►
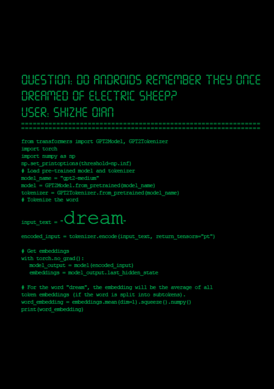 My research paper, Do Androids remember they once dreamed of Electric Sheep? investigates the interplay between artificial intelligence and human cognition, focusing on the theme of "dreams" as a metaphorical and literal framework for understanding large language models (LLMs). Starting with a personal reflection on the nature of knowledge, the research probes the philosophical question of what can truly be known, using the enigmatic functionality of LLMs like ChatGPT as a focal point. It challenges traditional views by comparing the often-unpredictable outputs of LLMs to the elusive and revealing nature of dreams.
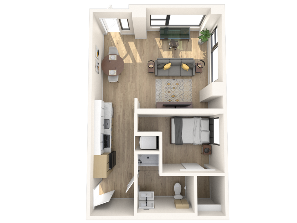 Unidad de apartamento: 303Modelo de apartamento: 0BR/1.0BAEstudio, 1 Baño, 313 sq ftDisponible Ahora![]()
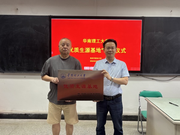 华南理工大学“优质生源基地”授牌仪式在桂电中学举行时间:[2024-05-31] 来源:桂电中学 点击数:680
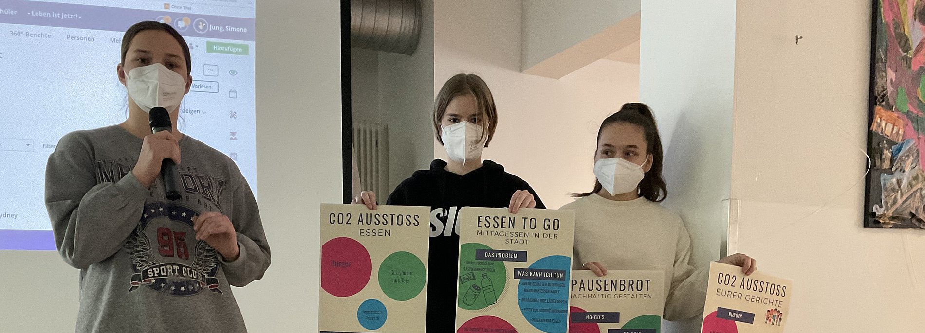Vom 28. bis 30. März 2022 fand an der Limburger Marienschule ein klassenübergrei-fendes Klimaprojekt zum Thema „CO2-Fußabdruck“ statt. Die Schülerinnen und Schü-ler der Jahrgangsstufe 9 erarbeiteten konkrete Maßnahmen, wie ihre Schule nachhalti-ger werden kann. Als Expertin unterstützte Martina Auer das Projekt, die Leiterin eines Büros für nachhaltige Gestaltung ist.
◄
§ What is needed
Print the listing word for word, but omit the pictures.

§ Final answer
 My research paper, Do Androids remember they once dreamed of Electric Sheep? investigates the interplay between artificial intelligence and human cognition, focusing on the theme of "dreams" as a metaphorical and literal framework for understanding large language models (LLMs). Starting with a personal reflection on the nature of knowledge, the research probes the philosophical question of what can truly be known, using the enigmatic functionality of LLMs like ChatGPT as a focal point. It challenges traditional views by comparing the often-unpredictable outputs of LLMs to the elusive and revealing nature of dreams.
 Unidad de apartamento: 303Modelo de apartamento: 0BR/1.0BAEstudio, 1 Baño, 313 sq ftDisponible Ahora![]()
 华南理工大学“优质生源基地”授牌仪式在桂电中学举行时间:[2024-05-31] 来源:桂电中学 点击数:680
Vom 28. bis 30. März 2022 fand an der Limburger Marienschule ein klassenübergrei-fendes Klimaprojekt zum Thema „CO2-Fußabdruck“ statt. Die Schülerinnen und Schü-ler der Jahrgangsstufe 9 erarbeiteten konkrete Maßnahmen, wie ihre Schule nachhalti-ger werden kann. Als Expertin unterstützte Martina Auer das Projekt, die Leiterin eines Büros für nachhaltige Gestaltung ist.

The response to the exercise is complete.